Appeal To Popularity

Dear Friends,

It seems to me, the most pernicious fallacy, is appeal to popularity. Edward Bernays liked to exploit that little trick to manipulate people. He used it to con women into smoking, and wearing bras. Even as the new propagandists have manipulated women into eschewing families, and loving abortion. The Covid vaccine is pushed by appeal to popularity. Appeal to popularity is so powerful since we’re social animals. Being social we want to fit in. So if we detect the crowd is going a certain way, we follow, else risk being left behind. This is so ingrained that we are manipulated by it… and we are. Being undetected and effective it’s pernicious. So it’s not likely to go anywhere soon. Making it important for us to become immune to the fallacy of appeal to popularity.

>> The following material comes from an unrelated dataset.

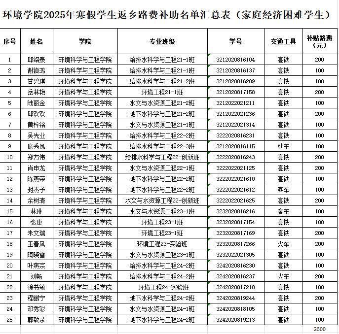 根据学校及学院相关要求,在学生自愿申请的基础上,经学院学生工作领导小组审核,现将太阳集团2138网址2025年寒假家庭经济困难学生返乡路费补助推荐名单公示。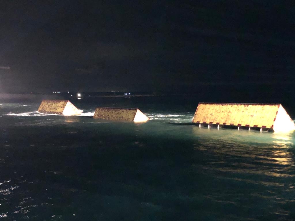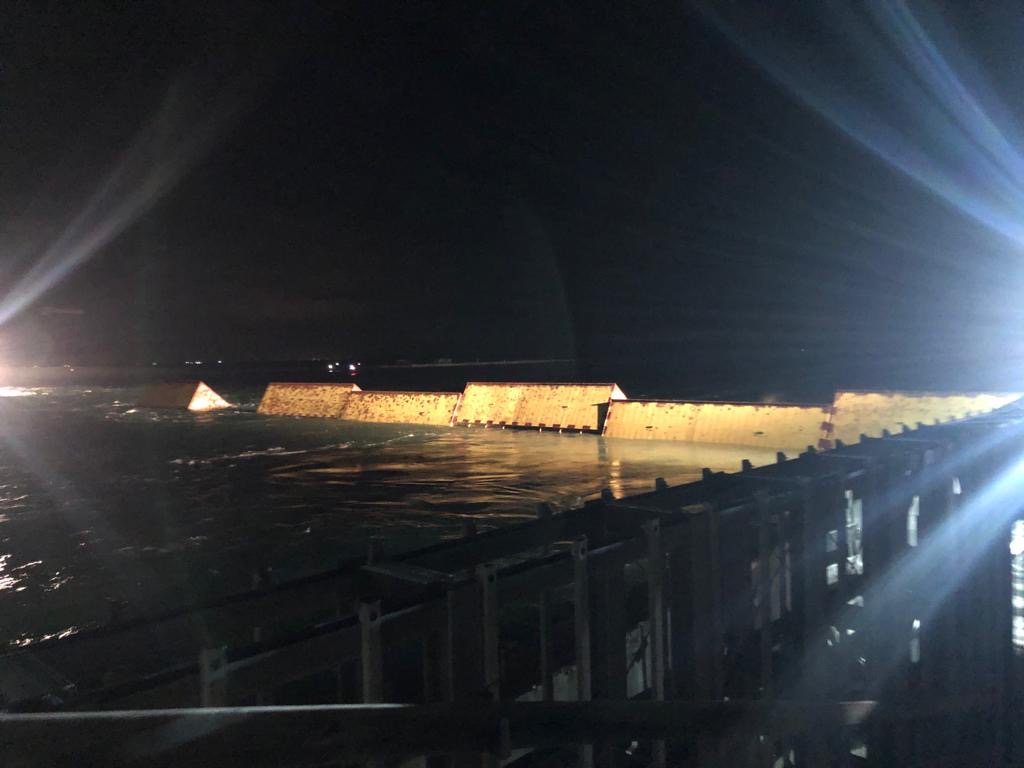 Nell’arco di poco meno di 4 ore, le diciannove paratoie gialle del Mose alla bocca di porto di Malamocco sono emerse dalle acque.

When a thing is pernicious, it’s hard to get rid of. Long Covid could be called pernicious Covid. Another example is Herpes, which is a pernicious disease, as is appeal to popularity. They’re all hard to get rid of. Appeal to popularity is probably the worst. Because herpes dies with the patient, and long Covid eventually goes away, but appeal to popularity will outlast us all. Because it’s used by us all and will be used until time ends. Being so effective and so often hidden. Knowledge is defense. Realize that the popular thing may not be the right thing nor the most profitable means. Like smoking, just because everyone does it, doesn’t make it smart. The answer then, is to inure oneself to appeal to popularity, so we aren’t as effected by it. Dulling its teeth.

Appeal to popularity was used to glamorize smoking in the 1930s, and to discourage smoking in the 1980s. When the popular girls all smoked, all the girls smoked, and when the popular girls stopped, all the girls stopped. Because we often act as a herd. Not everyone. Some are more like cats than dogs or cows. The highly independent, disagreeable and hermit types, tend to go the opposite direction from the crowd. They think for themselves… for better or worse. Because, while appeal to popularity is a fallacy, there is safety in numbers. Even a wrong decision that kills a bunch of people, probably won’t kill you, if the crowd is big enough. Individualists like Dick Proenneke are rare people. Their risks are their own as are the rewards and dangers. Had nuclear war broken out… he would have barely noticed.

There’s safety in fitting in too. Scientists were studying zebras back in the day. The trouble is, they couldn’t identify one long enough to get meaningful data… so they painted one. Then the lions ate it. So they marked another… which the lions immediately ate. Eventually, the scientists figured out individual zebras must blend in to the crowd, so lions cant pick one out. Marking them so one stood out was a death sentence. In some ways we’re like zebras. There are innumerable adages about how high nails are pounded down, the dangers of sticking your neck out, and rocking boats. Even as others urge us not to follow crowds, think for ourselves, and the dangers of jumping off bridges, just because everyone else is. Which means, we need to be zebras sometimes and John Gault others.

Wisdom is recognizing when we should be Dick Proenneke, and head out alone into the wilderness, and when we should blend into the crowd. Though at no time should we allow ourselves to be manipulated by appeal to popularity. No one manipulates us for our good, they manipulate us for their good. That’s as close to the kind of universal the Taoists hate as is possible. The way to do that is by keeping perspective. Try to take a bird’s eye view of the dialogue in the media, the marketplace and at work. There’s always manipulation. Practice looking for it is a good exercise in recognizing it. So we don’t get manipulated. Because cons only work when the Mark is unaware. Learn to be aware and the swindle of appeal to popularity won’t work on you. Be a zebra or a John Gault when it serves you.